- [WHAT THE EXERCISE ASKS] Transcribe word for word the section of the records below that opens with the line containing "대구와 경북 지역은 CT" and closes with the line containing "شومیز و شلوار"; drop every picture.

- [STUDY MATERIAL]
##########
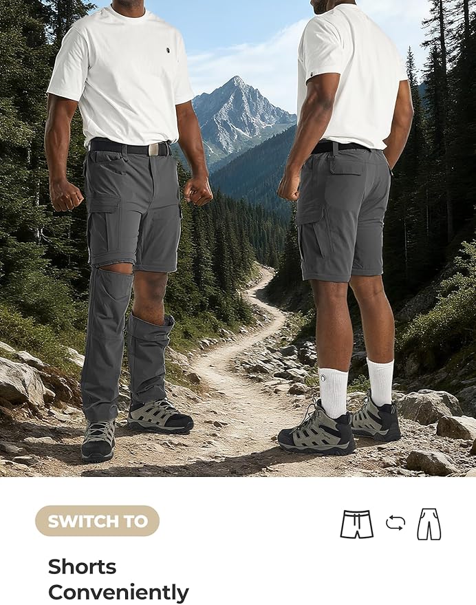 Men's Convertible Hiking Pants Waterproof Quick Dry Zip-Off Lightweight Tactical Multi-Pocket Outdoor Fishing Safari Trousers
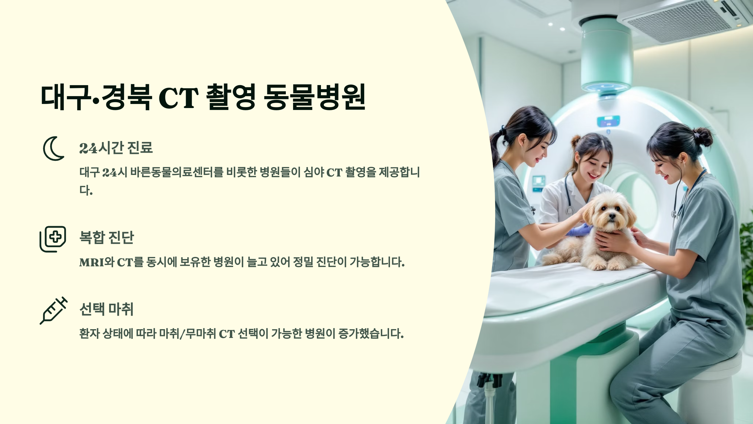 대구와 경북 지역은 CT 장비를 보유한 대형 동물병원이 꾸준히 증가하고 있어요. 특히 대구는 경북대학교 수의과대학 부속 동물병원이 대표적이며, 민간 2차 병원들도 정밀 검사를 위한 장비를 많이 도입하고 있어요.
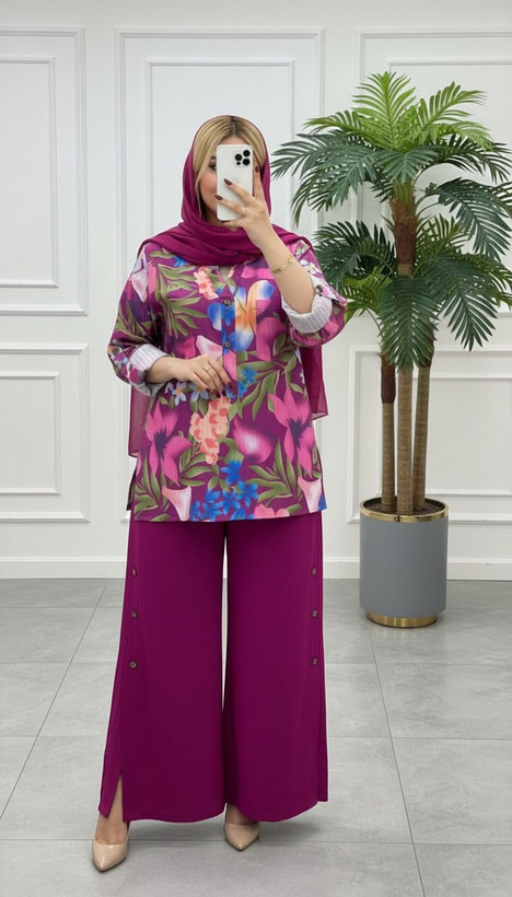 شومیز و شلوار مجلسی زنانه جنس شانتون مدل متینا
##########
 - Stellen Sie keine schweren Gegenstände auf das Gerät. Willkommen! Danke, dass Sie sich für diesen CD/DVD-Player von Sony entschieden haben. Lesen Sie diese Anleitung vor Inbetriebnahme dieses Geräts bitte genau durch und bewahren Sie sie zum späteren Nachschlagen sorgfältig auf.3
##########
- [TASK SOLUTION]
 대구와 경북 지역은 CT 장비를 보유한 대형 동물병원이 꾸준히 증가하고 있어요. 특히 대구는 경북대학교 수의과대학 부속 동물병원이 대표적이며, 민간 2차 병원들도 정밀 검사를 위한 장비를 많이 도입하고 있어요.
 شومیز و شلوار مجلسی زنانه جنس شانتون مدل متینا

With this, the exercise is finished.